Bill McClard

No. 10, 19
- Position: Placekicker

Personal information
- Born: October 15, 1949 (age 76) Purcell, Oklahoma, U.S.
- Listed height: 5 ft 10 in (1.78 m)
- Listed weight: 202 lb (92 kg)

Career information
- High school: Norman (OK)
- College: Arkansas
- NFL draft: 1972: 3rd round, 61st overall pick

Career history
- San Diego Chargers (1972); New Orleans Saints (1973–1975);

Awards and highlights
- 2× First-team All-American (1970, 1971);

Career NFL statistics
- Field goals: 26
- Field goal attempts: 51
- Field goal %: 51
- Field goal long: 52
- Stats at Pro Football Reference

= Bill McClard =

American football player (born 1950)

Bill W. McClard (born October 15, 1950) is an American former professional football player who was a placekicker in the National Football League (NFL). He played college football for the Arkansas Razorbacks, where he was named American Football Coaches Association All-America after the 1970 season and by The Sporting News in 1971. He kicked a then-NCAA record 60-yard field goal in 1970. This was only about one week before Tom Dempsey, with his half-foot, kicked the first 60+-yard field goal in the NFL. Both were responsible for changes in rules regarding returning field goal attempts.
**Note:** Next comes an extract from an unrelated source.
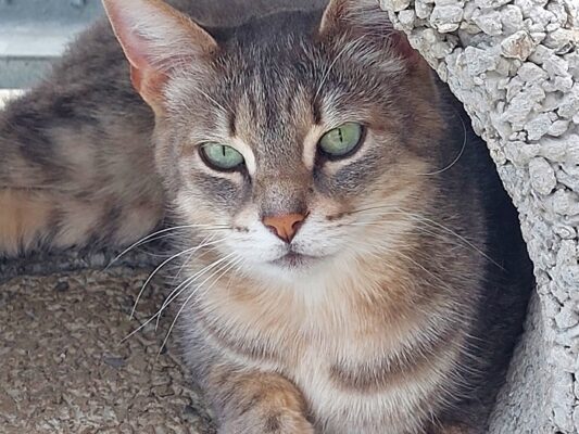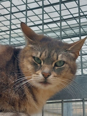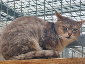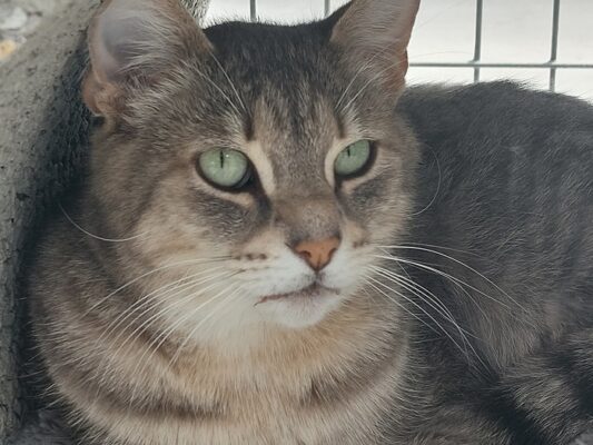 Der hübsche Grautiger Oggy ist noch ein wenig schüchtern.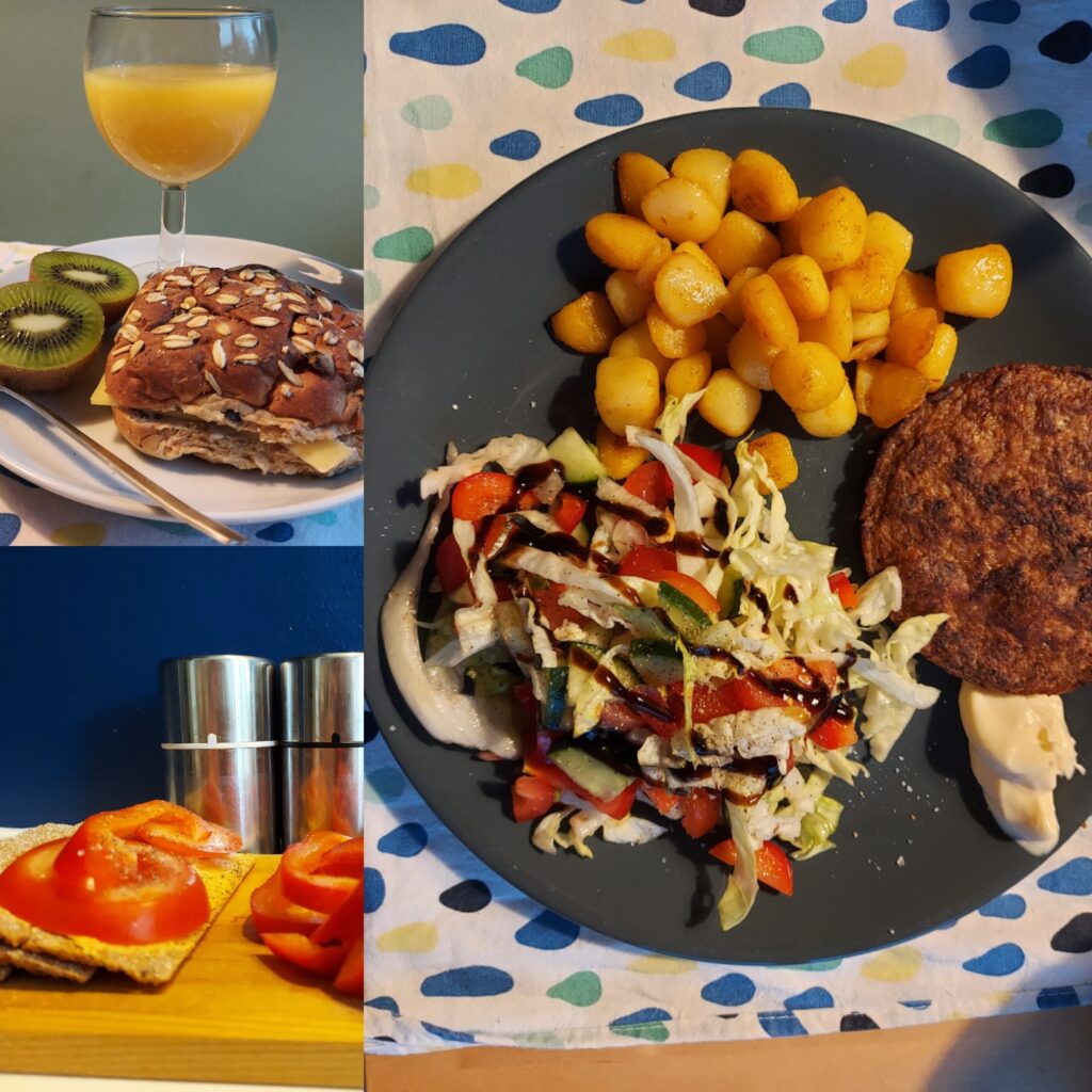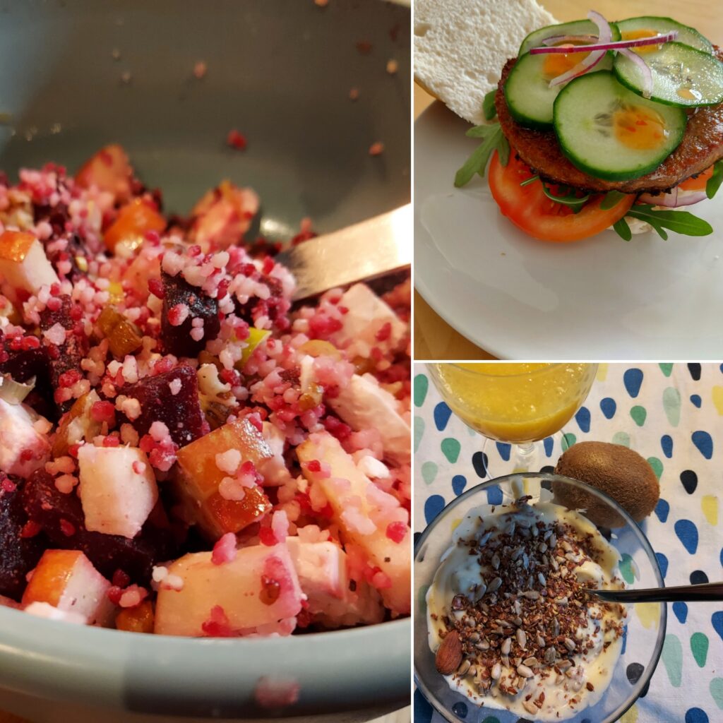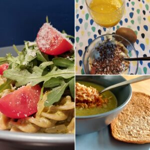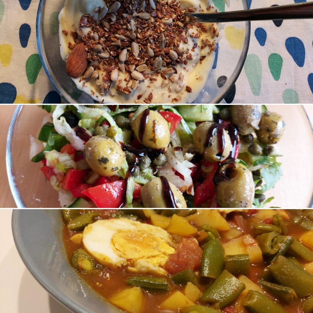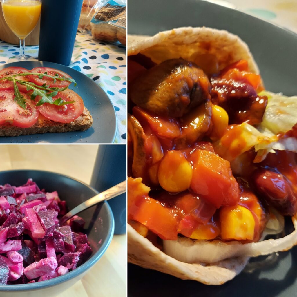 Volkoren warps met kidneybonen, groenten in tomatensaus en zure room

Out of college, McClard was selected in the third round of the 1972 NFL draft by the San Diego Chargers. He played one year for the Chargers, kicking two field goals during his rookie season. For the next three seasons, McClard played for the New Orleans Saints, where he was successful on 26 of 51 field goal attempts and 31 of 32 extra points.

Since retiring from football, McClard has been a commercial real estate broker in Rogers, Arkansas.